Belanghebbende heeft tegen de navorderingsaanslagen IB/PVV 2012, 2013 en 2014 bezwaar gemaakt.
De inspecteur heeft bij uitspraak op bezwaar, gedagtekend 11 april 2019, de navorderingsaanslag IB/PVV 2012 verminderd tot een berekend naar een belastbaar inkomen uit werk en woning van €18.908. Ook is bij beschikking een kostenvergoeding toegekend van € 190.

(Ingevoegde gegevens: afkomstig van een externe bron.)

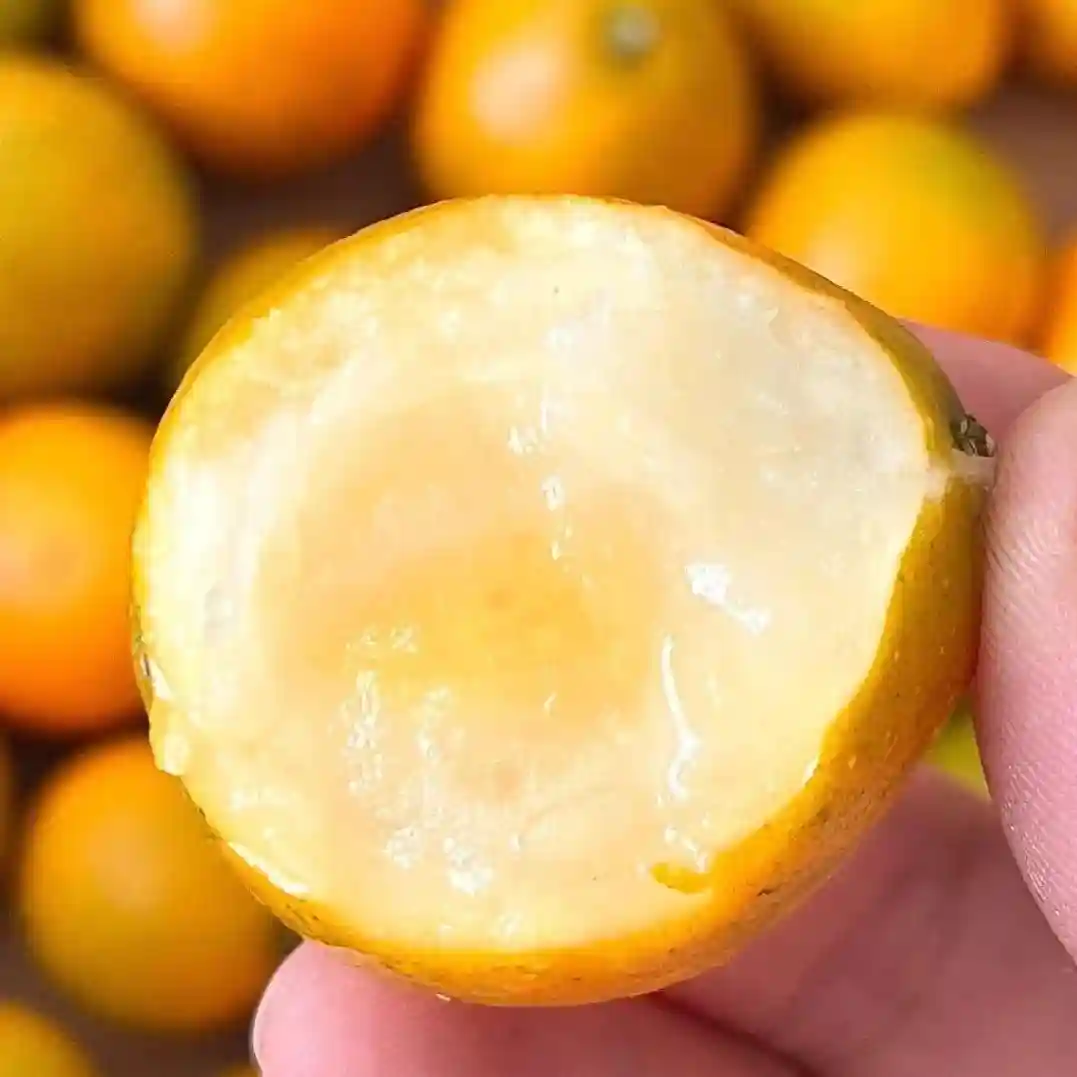 融安脆密金桔和我们平常知道的金桔,从外表到味道,真的完全不同。一口下去,“卜卜”爽脆,果肉肥厚香软,又甜又爆汁,非常过瘾!拦腰切开还有超漂亮的糖心!抱着糖心的金桔果肉,细腻、无渣。舌头一碰就化成蜜汁,桔香流动在唇齿间。

De inspecteur heeft bij uitspraak op bezwaar, gedagtekend 11 april 2019, de navorderingsaanslag IB/PVV 2013 verminderd tot een berekend naar een belastbaar inkomen uit werk en woning van € 27.289. Ook is bij beschikking een kostenvergoeding toegekend van € 190.
De inspecteur heeft bij uitspraak op bezwaar, gedagtekend 11 april 2019, de navorderingsaanslag IB/PVV 2014 verminderd tot een berekend naar een belastbaar inkomen uit werk en woning van € 31.046. Ook is bij beschikking een kostenvergoeding toegekend van € 191.
Belanghebbende heeft tegen de uitspraken op bezwaar beroepen ingesteld. Bij uitspraak van 16 juni 2020 heeft de rechtbank de volgende beslissing genomen (in deze uitspraak is belanghebbende aangeduid als ‘eiser’ en de inspecteur als ‘verweerder’):
“Beslissing
De rechtbank:
- -
-
verklaart de beroepen ongegrond;
- -
-
veroordeelt verweerder tot vergoeding van immateriële schade van eiser tot een bedrag van € 1000;
- -
-
veroordeelt verweerder in de proceskosten van eiser tot een bedrag van € 525.”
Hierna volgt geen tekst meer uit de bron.